Top of Exercise data
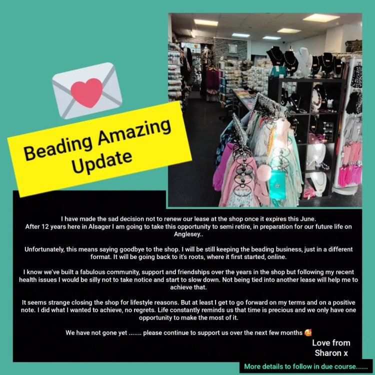 Alsager's cherished Beading Amazing is bidding farewell later this year as owner announces retirement plan
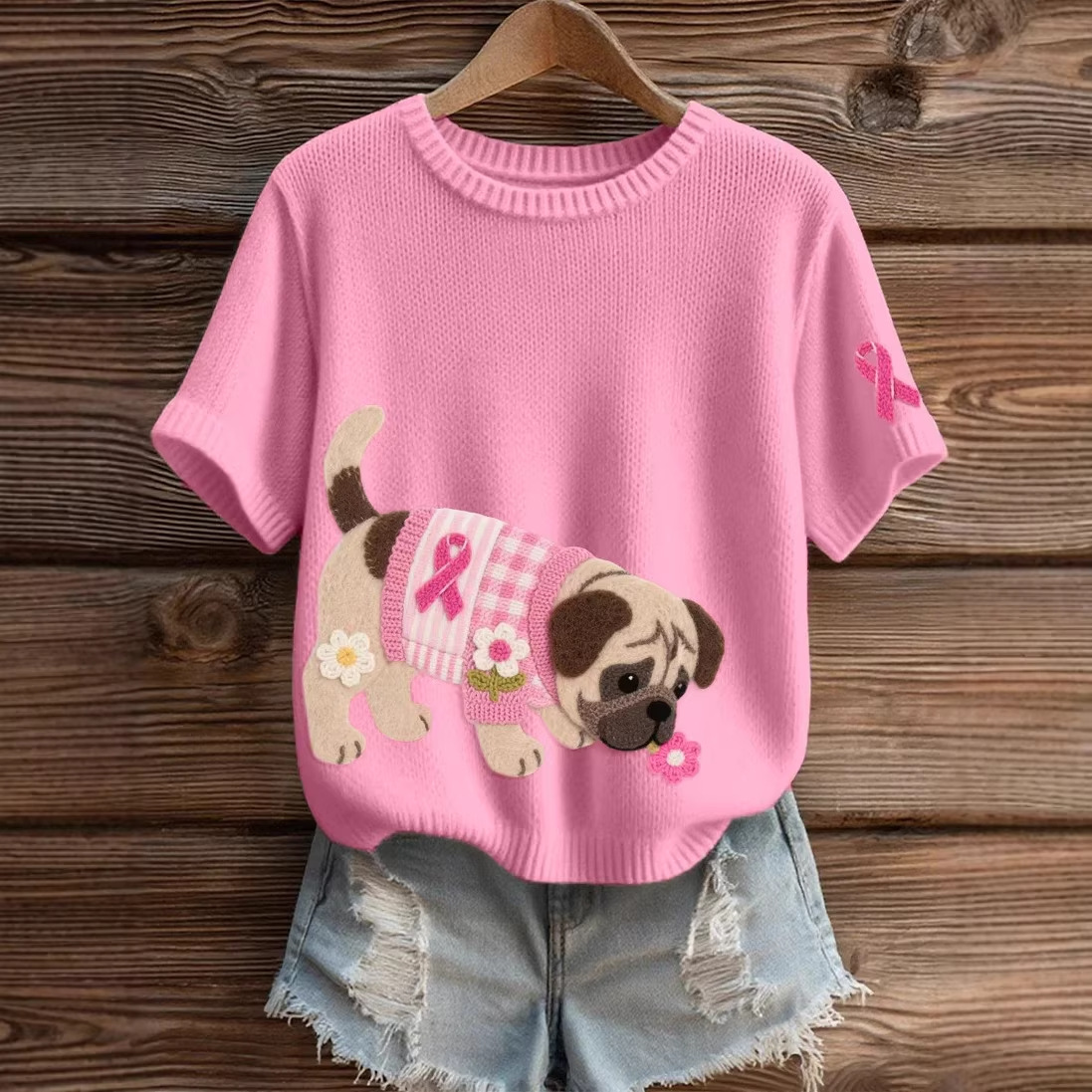 跨境爆款3D女士短袖T恤欧美宽松休闲女士上衣狗狗图案数码印花T恤
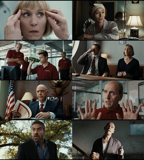 Chad (Brad Pitt) wants a quick payday from what he thinks are "classified documents." He ends up shot in the face by a paranoid George Clooney.
Bottom of Exercise data
Give back the whole listing exactly, without pictures.

Finished task:
 Alsager's cherished Beading Amazing is bidding farewell later this year as owner announces retirement plan
 跨境爆款3D女士短袖T恤欧美宽松休闲女士上衣狗狗图案数码印花T恤
 Chad (Brad Pitt) wants a quick payday from what he thinks are "classified documents." He ends up shot in the face by a paranoid George Clooney.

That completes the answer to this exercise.